Nothing he saw was real, of course. All he saw was a Virtual rendering, reconstructed in wavelengths he was comfortable with, the glare turned down; if he had looked out of his blister he would have been blinded in an instant. But he thought he could sense the churning of this dish of plasma the size of a solar system, perhaps even the gut-wrenching gravities of the event horizon itself. He could feel the vast astrophysical processes around him. He was a mote trapped inside an immense machine.

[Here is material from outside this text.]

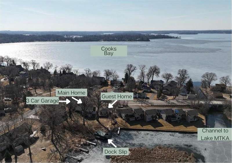 Welcome to Lake Minnetonka living! This rare opportunity includes a deeded dock slip connected to the property! It is located on Lost Lake Channel with easy and direct access to Lake Minnetonka! The property features a beautiful home, charming guest house, and 3 car garage! Offering incredible flexibility as a primary residence, weekend retreat, or investment property. The main home showcases an open-concept main level with an updated kitchen and spacious living area. Upstairs you'll find three bedrooms and two bathrooms, including a private primary ensuite. The lower level includes a charming walkout mudroom, a wet bar, a 3/4 bath-perfect for guests or entertaining. The guest house includes a full bathroom, kitchen and additional bedroom-ideal for hosting visitors, a private office, or potential rental income. Both the main home and guest house offer decks with beautiful views of the channel. An oversized 3-car garage provides ample room for storage, toys, and lake gear. The property has a massive and private backyard, perfect for entertaining or relaxing! Walk right out to your dock and enjoy all that Lake Minnetonka has to offer! Whether you're dreaming of a lake lifestyle, searching for a cozy cabin, or looking for a smart investment-this one has it all!

“One minute to closest approach to the horizon,” Bilson warned.

Pirius felt his heart beat faster, but he tried to keep his voice light. “Remember your training. We practiced on rocks a couple of hundred kilometers across. Today we’re hitting a target a hundred million klicks wide. It ought to be easy.”

“But,” Cabel said dryly, “it’s a hundred million klicks of black-hole event horizon.”

“Shut up,” said Bilson, the fear sharp in his voice.

“No flak,” Cabel said. “They still haven’t seen us. We might actually live through this.”

“Thirty seconds,” the navigator called.

“Stand ready.”

And suddenly it was ahead of him, the center of everything, a sphere of glowing gas like a malevolent sun rising from the curdled accretion disc. The event horizon itself was invisible, of course: dark on dark, it was a surface from which not even light could escape. The glow he saw was the final desperate emission of infalling matter.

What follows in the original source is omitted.